The Japanese astronaut, still unnamed, will become the first international astronaut to walk on the Moon under the auspices of the NASA-led Artemis program. Astronauts from NASA’s other major partners on Artemis—the European Space Agency (ESA), Canada, and the United Arab Emirates—will also get a chance to fly to the Moon, either to the planned Gateway space station in lunar orbit or on trips to the surface.

But Japan will get the first international seat on a lunar landing mission, President Biden announced Wednesday during a joint press conference with Japanese Prime Minister Fumio Kishida. Other topics on the agenda for the official visit included deepening economic, military, scientific, and educational ties between the two nations.

“Those ties stretch up to the Moon, where two Japanese astronauts will join future American missions, and one will become the first non-American ever to land on the Moon,” Biden said.

An RV for the Moon

With international partnerships, NASA’s preference is to operate through barter arrangements with other space agencies.

On the International Space Station program, NASA and Russia’s space agency have a no-funds-exchanged agreement to provide seats for US astronauts on Russian Soyuz spacecraft and seats for Russian cosmonauts on US spaceships flying to and from orbit. NASA doles out seats for space station missions to ESA, Japan, and Canada based on each partner’s share of the lab’s operating costs.
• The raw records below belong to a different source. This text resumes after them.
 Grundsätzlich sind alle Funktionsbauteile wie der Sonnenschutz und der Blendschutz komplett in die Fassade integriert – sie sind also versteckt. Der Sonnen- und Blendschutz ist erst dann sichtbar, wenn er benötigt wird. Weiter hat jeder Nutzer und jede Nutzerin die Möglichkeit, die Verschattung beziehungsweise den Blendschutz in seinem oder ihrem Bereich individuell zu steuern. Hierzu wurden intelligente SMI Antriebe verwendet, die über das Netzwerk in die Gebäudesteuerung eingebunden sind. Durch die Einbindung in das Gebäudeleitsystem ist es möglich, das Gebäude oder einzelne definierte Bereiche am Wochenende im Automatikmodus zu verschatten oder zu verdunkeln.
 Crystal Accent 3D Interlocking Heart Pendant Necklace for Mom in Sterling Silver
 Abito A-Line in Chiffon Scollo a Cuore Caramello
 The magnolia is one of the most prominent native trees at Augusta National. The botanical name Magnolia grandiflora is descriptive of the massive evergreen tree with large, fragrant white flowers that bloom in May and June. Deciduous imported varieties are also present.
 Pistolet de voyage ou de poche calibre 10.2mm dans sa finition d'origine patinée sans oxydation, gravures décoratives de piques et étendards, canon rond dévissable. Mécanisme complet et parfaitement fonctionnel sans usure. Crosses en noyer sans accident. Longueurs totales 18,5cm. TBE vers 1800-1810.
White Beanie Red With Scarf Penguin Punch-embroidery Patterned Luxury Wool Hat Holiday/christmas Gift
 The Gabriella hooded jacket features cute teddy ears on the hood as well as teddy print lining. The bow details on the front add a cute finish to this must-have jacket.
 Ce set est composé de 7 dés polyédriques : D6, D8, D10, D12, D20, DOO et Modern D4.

This new agreement between the US and Japan is similarly transactional. Japan will oversee development of a pressurized lunar rover to ferry astronauts across the lunar surface. This is a significant commitment. It will take the better part of a decade to deliver the pressurized rover to the Moon. Japanese officials have not yet disclosed how much it will cost.
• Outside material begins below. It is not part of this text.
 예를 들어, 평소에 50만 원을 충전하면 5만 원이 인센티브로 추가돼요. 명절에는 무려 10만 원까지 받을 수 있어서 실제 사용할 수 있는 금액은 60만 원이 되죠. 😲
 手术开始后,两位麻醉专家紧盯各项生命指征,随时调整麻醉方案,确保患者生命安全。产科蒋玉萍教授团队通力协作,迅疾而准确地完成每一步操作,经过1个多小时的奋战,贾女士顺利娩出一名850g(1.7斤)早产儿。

The Japan Aerospace Exploration Agency (JAXA) has been working with Toyota and Mitsubishi Heavy Industries for several years on the design of a pressurized rover. The vehicle would be roughly the size of two minibuses parked side by side, measuring nearly 20 feet (6 meters) long, 17 feet (5.2 meters) wide, and 12.5 feet (3.8 meters) tall. Its interior cabin could offer “comfortable accommodation” for two people, or four in an emergency, according to Toyota.
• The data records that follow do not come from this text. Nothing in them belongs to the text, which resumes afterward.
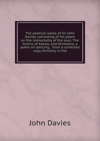 | Полное название книги | John Davies The poetical works of Sir John Davies, consisting of his poem on the immortality of the soul: The hymns of Astrea; and Orchestra, a poem on dancing, . from a corrected copy, formerly in the |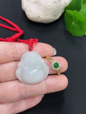 F38513191 Jadeite Buddha Pendant + Ring Non-Gold Inlaid Adjustable Size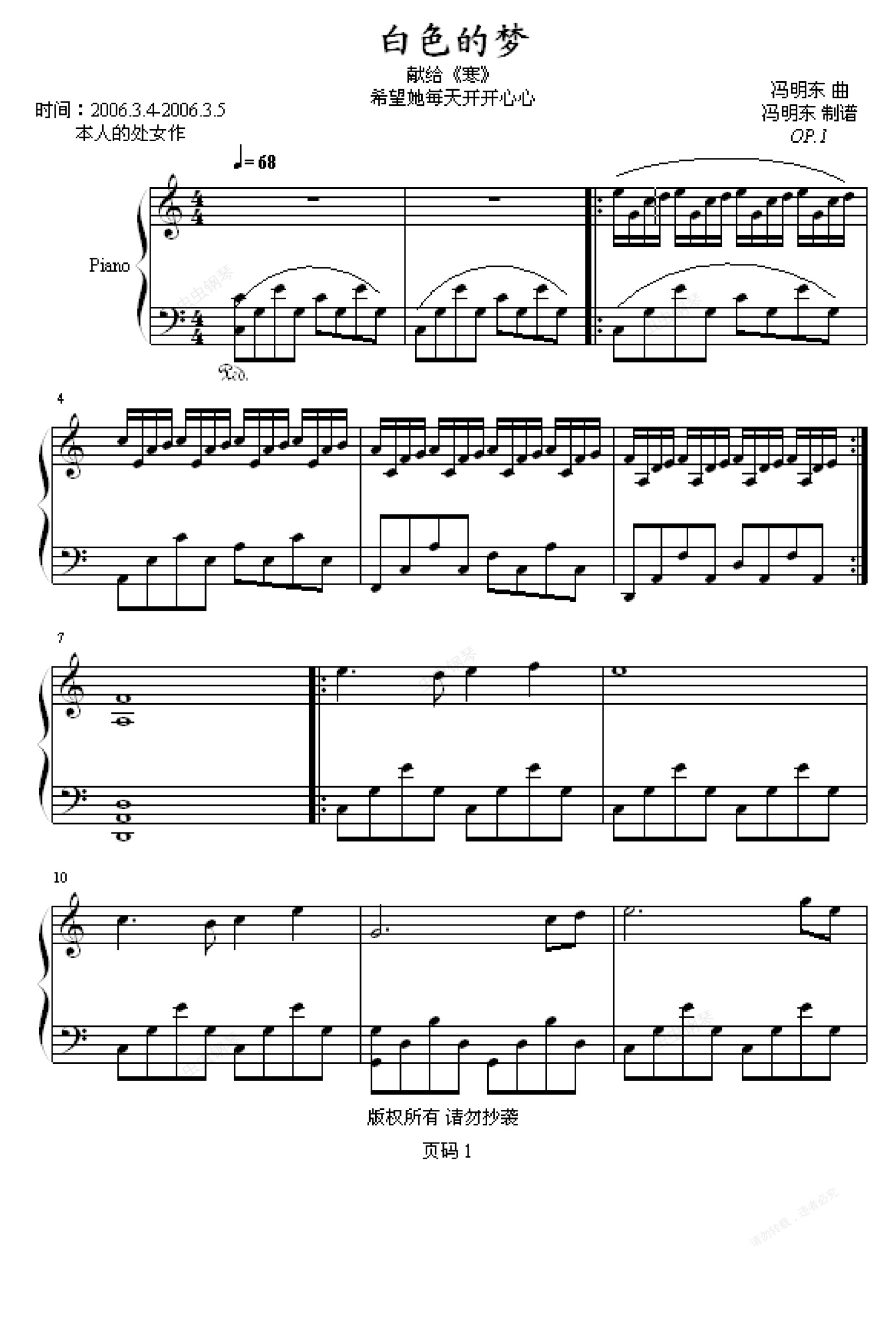 这首曲子是本人的处女作!写给我一个好朋友!我真心祝愿它快快乐乐度过每一天 曲子是我的心意 望你收下!-如此曲多有不好 请大家多于讲述 批正!本人感激不尽!还望大家多多鼓励于支持!-谢谢~ ---此说明和谱于2006年10月14日修改!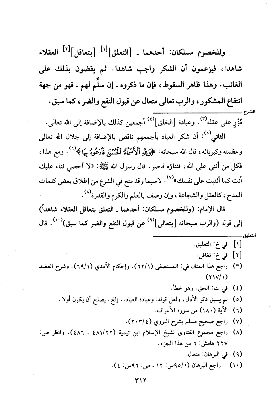 قال الإمام: (وللخصوم مسلكان: أحدهما- التعلق بتعاقل العقلاء شاهدا) إلى قوله (والرب سبحانه [يتعالى] عن قبول النفع والضر كما سبق). قال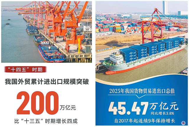 2026年是“十五五”开局之年,回顾极不寻常、极不平凡的“十四五”,我国外贸经受住了外部环境风高浪急的考验,累计进出口规模突破200万亿元,比“十三五”时期增长四成。5年来我国进出口年均增长7.1%,进口国际市场份额保持在10%左右,出口国际市场份额保持在14%以上,实现了“十四五”外贸圆满收官。
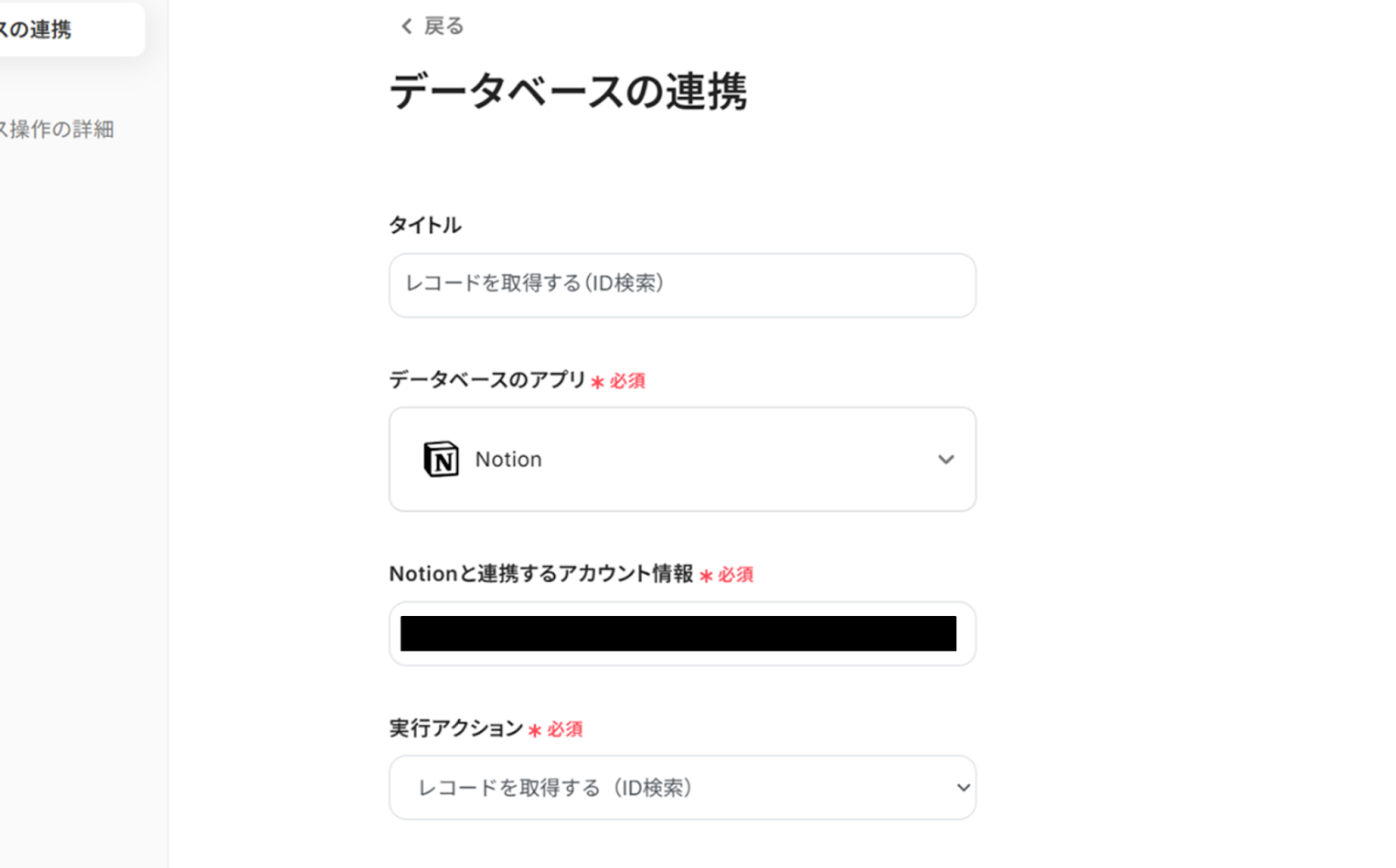 (2)Notionの「データベースの連携」画面から、Notionと連携するアカウント情報に誤りがないかを確認し、実行アクションは「レコードを取得する(ID検索)」のままにします。
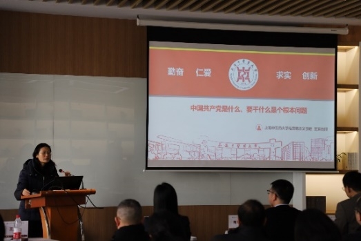 马克思主义学院院长王芳分享学习十九届六中全会精神和《中共中央关于党的百年奋斗重大成就和历史经验的决议》的体会,并作题为《中国共产党是什么、要干什么是个根本问题》的报告。报告从“这一根本问题的具体内涵”“这一根本问题的重大意义”“是个根本问题也是个难题”三个方面作深入剖析。

Mobility is important for NASA’s long-term goals at the Moon, which include surveying and harvesting resources like water ice and eventually building a lunar base on the surface.

The pressurized rover concept, which Toyota calls the “Lunar Cruiser,” could explore the moon with astronauts inside for up to 30 days at a time. Crew members will be able to take off their spacesuits and work inside the vehicle in regular clothing. When astronauts aren’t onboard, operators could remotely control the rover from a separate spacecraft or from Earth. Japanese officials aim to deliver it to the Moon in 2031, where it will operate for 10 years.

“It’s a mobile habitat,” said Bill Nelson, NASA’s administrator. “It’s a lunar lab, a lunar home, and a lunar explorer. It’s a place where astronauts can live, work, and navigate the lunar surface, leading to magnificent discoveries for all of us. What better representation of the power of partnership than this vehicle? It’s going to lead us to cover ground we’ve never covered before, because they’ll be out and can stay for several days on the surface.”

Japanese Prime Minister Fumio Kishida and US President Joe Biden meet at the White House on Wednesday. (Photo by Andrew Harnik/Getty Images)
Enlarge / Japanese Prime Minister Fumio Kishida and US President Joe Biden meet at the White House on Wednesday. (Photo by Andrew Harnik/Getty Images)

In exchange for Japan providing the pressurized rover for NASA’s use, NASA will assign two seats for Japanese astronauts on future Artemis landing missions.

“An implementing arrangement has been signed on this occasion, and the provision of the lunar rover by Japan and the allocation of two astronaut flight opportunities to the lunar surface to Japan were confirmed,” Kishida said through a translator. “Under the Artemis program, I welcome the lunar landing by a Japanese astronaut as the first non-US astronaut (on the Moon).”

The pressurized rover is separate from NASA’s unpressurized Lunar Terrain Vehicle, which will be more akin to the rovers Apollo astronauts drove around the Moon more than 50 years ago. Last week, NASA announced three industrial teams to refine their concepts for these smaller commercially developed unpressurized rovers.